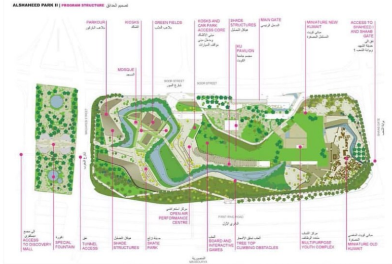
(صورة رقم ٢)

إضافة ما يسمى بالفن الذي يساعد و بشكل كبير في إظهار عنصر الجميل للجزيرة , لانها مدينة مائية تحتاج لتلك الإضافات و خلق جو للاسترخاء و الترفيه و يكون مريح للنظر كما نرى اليوم في تحول ( الحزام الاخضر إلى حديقة الشهيد ) (صورة رقم ٨ و ٩ ) الموجودة في داخل الكويت بمنطقة شرق تحولت من ممر للمشاة خالي من المساحة الخضراء الى حديقة جميلة فيها تنوع كبير في النباتات و توفر جميع المطالب الترفيهية و الاحتياجات الاساسية .للحركة الفنية دور , حديقة البوليفارد ايضا مثال جيد وجميل موضح في (صورة رقم ١٠) .
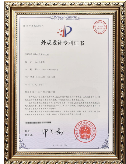
Bằng sáng chế số :201630655323.4
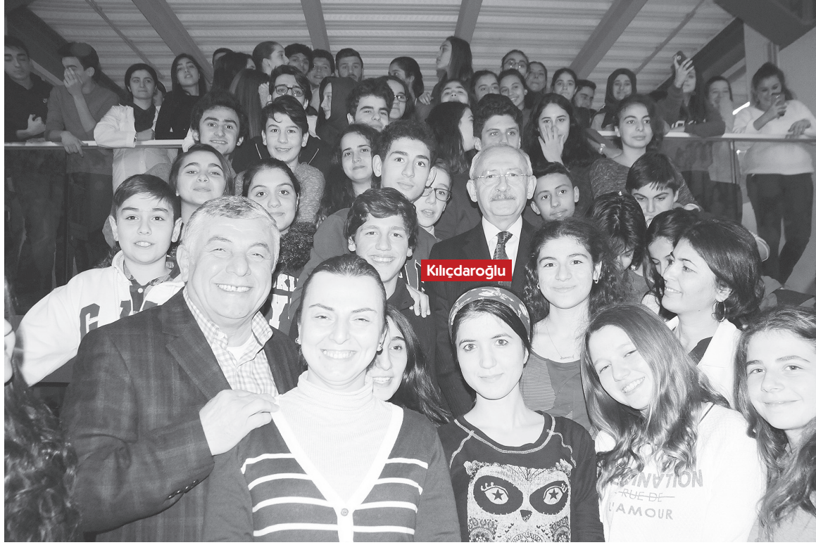
CHP Genel Başkanı Kılıçdaroğlu da Sarıyer Akademi'yi ziyaret ederek çalışmalar hakkında bilgi aldı.

Sarıyer Akademi'nin 150 eğitim kurumu arasında kısa sürede ilk 10'a girdiğini ve gün geçtikçe başarısının arttığını vurgulayan Şükrü Genç, “Bu kurumlar arasında Türkiye'nin en önemli fen liseleri de var, Robert Koleji de var. Öğrencilerimizin arkasında durup eğitim hayatında destek olmak bizim görevimiz” ifadelerini kullandı.
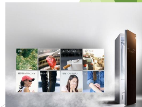
ライフスタイルクローゼット スチームウォッシュ&ドライ 「LG stlyer」
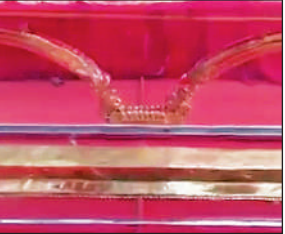
ओडिशा से आ रहा 286 किलो का धनुष।

ओडिशा के भक्त रामलला को समर्पित करेंगे 286 किलो का धनुष
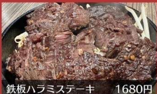
鉄板ハラミステーキ 1680円
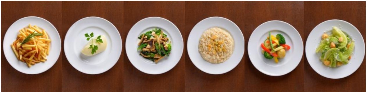
フレンチフライ マッシュポテト 納豆の草とキノコ炒め ガーリックラス スチームベジタブル シーザーサラダ
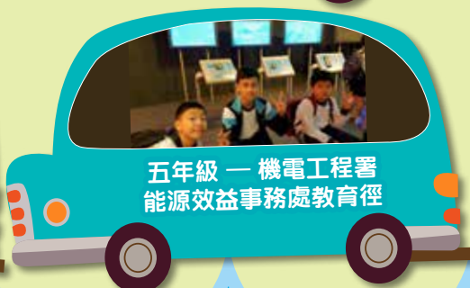
五年級 - 機電工程署 能源效益事務處教育徑
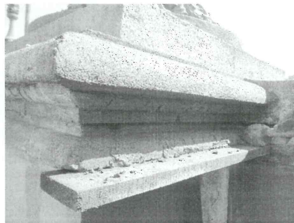
Finalización de la intervención realizada en las molduras de los parapetos.

> [Exercise prompt]: With the pictures omitted, reproduce the records in full and exactly.

> [Written answer]:
(صورة رقم ٢)

إضافة ما يسمى بالفن الذي يساعد و بشكل كبير في إظهار عنصر الجميل للجزيرة , لانها مدينة مائية تحتاج لتلك الإضافات و خلق جو للاسترخاء و الترفيه و يكون مريح للنظر كما نرى اليوم في تحول ( الحزام الاخضر إلى حديقة الشهيد ) (صورة رقم ٨ و ٩ ) الموجودة في داخل الكويت بمنطقة شرق تحولت من ممر للمشاة خالي من المساحة الخضراء الى حديقة جميلة فيها تنوع كبير في النباتات و توفر جميع المطالب الترفيهية و الاحتياجات الاساسية .للحركة الفنية دور , حديقة البوليفارد ايضا مثال جيد وجميل موضح في (صورة رقم ١٠) .
Bằng sáng chế số :201630655323.4
CHP Genel Başkanı Kılıçdaroğlu da Sarıyer Akademi'yi ziyaret ederek çalışmalar hakkında bilgi aldı.

Sarıyer Akademi'nin 150 eğitim kurumu arasında kısa sürede ilk 10'a girdiğini ve gün geçtikçe başarısının arttığını vurgulayan Şükrü Genç, “Bu kurumlar arasında Türkiye'nin en önemli fen liseleri de var, Robert Koleji de var. Öğrencilerimizin arkasında durup eğitim hayatında destek olmak bizim görevimiz” ifadelerini kullandı.
ライフスタイルクローゼット スチームウォッシュ&ドライ 「LG stlyer」
ओडिशा से आ रहा 286 किलो का धनुष।

ओडिशा के भक्त रामलला को समर्पित करेंगे 286 किलो का धनुष
鉄板ハラミステーキ 1680円
フレンチフライ マッシュポテト 納豆の草とキノコ炒め ガーリックラス スチームベジタブル シーザーサラダ
五年級 - 機電工程署 能源效益事務處教育徑
Finalización de la intervención realizada en las molduras de los parapetos.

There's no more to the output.